▸ Instructions to follow
Without changing a word, copy every line of the listing below and leave out the images.

▸ Data provided
==*==
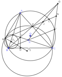 b) Gọi \(M\) là giao điểm của đường thẳng \(EF\) với \(\left( O \right)\) (\(M\) thuộc cung nhỏ \(AB\)). \({O_1},{O_2}\)lần lượt là tâm đường tròn ngoại tiếp các tam giác \(BMF\) và \(CME\). Chứng minh rằng: \({O_1}{O_2} \bot AM.\)
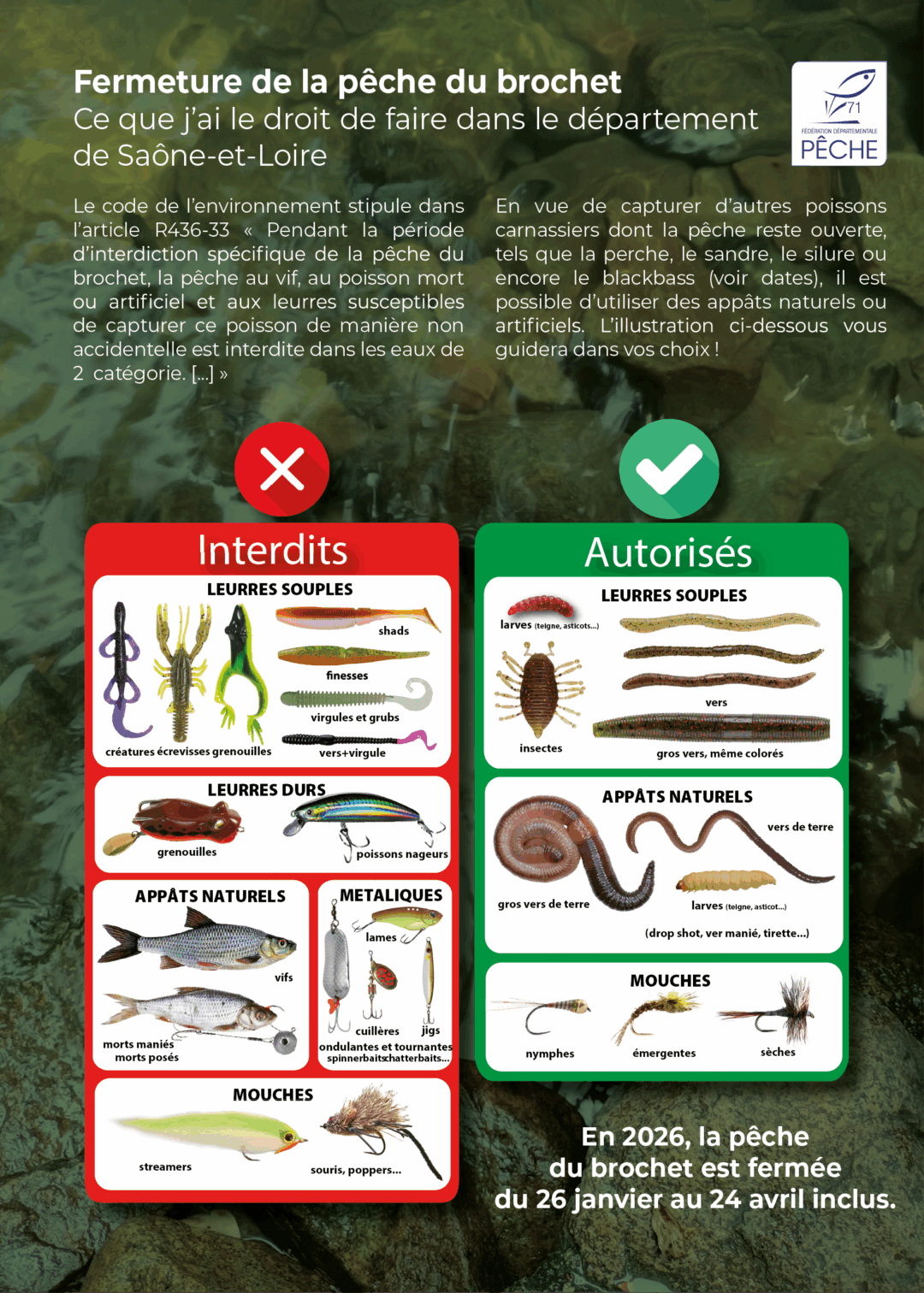 La pêche du brochet ferme du dimanche 25 janvier (18h04) jusqu’au vendredi 24 avril inclus. En effet, il est temps de ranger les cuillères, les leurres imitant poissons, grenouilles ou écrevisses ainsi que les montages pour la pêche au poisson vif ou mort. Cette fermeture à pour objectif de permettre à l’espèce de rejoindre les annexes hydrauliques des rivières ou les zones rivulaires des plans d’eau afin de s’y reproduire, la reproduction étant l’une des phases clés de son cycle biologique.
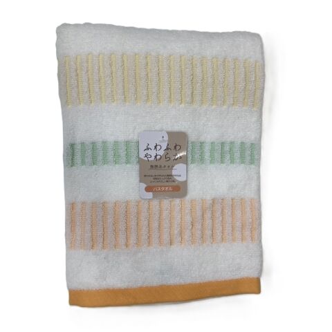林(Hayashi) バスタオル ホリデーボーダー 無撚糸(約60×120cm・オレンジ) BN478306 【返品種別A】
==*==
▸ Result for this task
 b) Gọi \(M\) là giao điểm của đường thẳng \(EF\) với \(\left( O \right)\) (\(M\) thuộc cung nhỏ \(AB\)). \({O_1},{O_2}\)lần lượt là tâm đường tròn ngoại tiếp các tam giác \(BMF\) và \(CME\). Chứng minh rằng: \({O_1}{O_2} \bot AM.\)
 La pêche du brochet ferme du dimanche 25 janvier (18h04) jusqu’au vendredi 24 avril inclus. En effet, il est temps de ranger les cuillères, les leurres imitant poissons, grenouilles ou écrevisses ainsi que les montages pour la pêche au poisson vif ou mort. Cette fermeture à pour objectif de permettre à l’espèce de rejoindre les annexes hydrauliques des rivières ou les zones rivulaires des plans d’eau afin de s’y reproduire, la reproduction étant l’une des phases clés de son cycle biologique.
林(Hayashi) バスタオル ホリデーボーダー 無撚糸(約60×120cm・オレンジ) BN478306 【返品種別A】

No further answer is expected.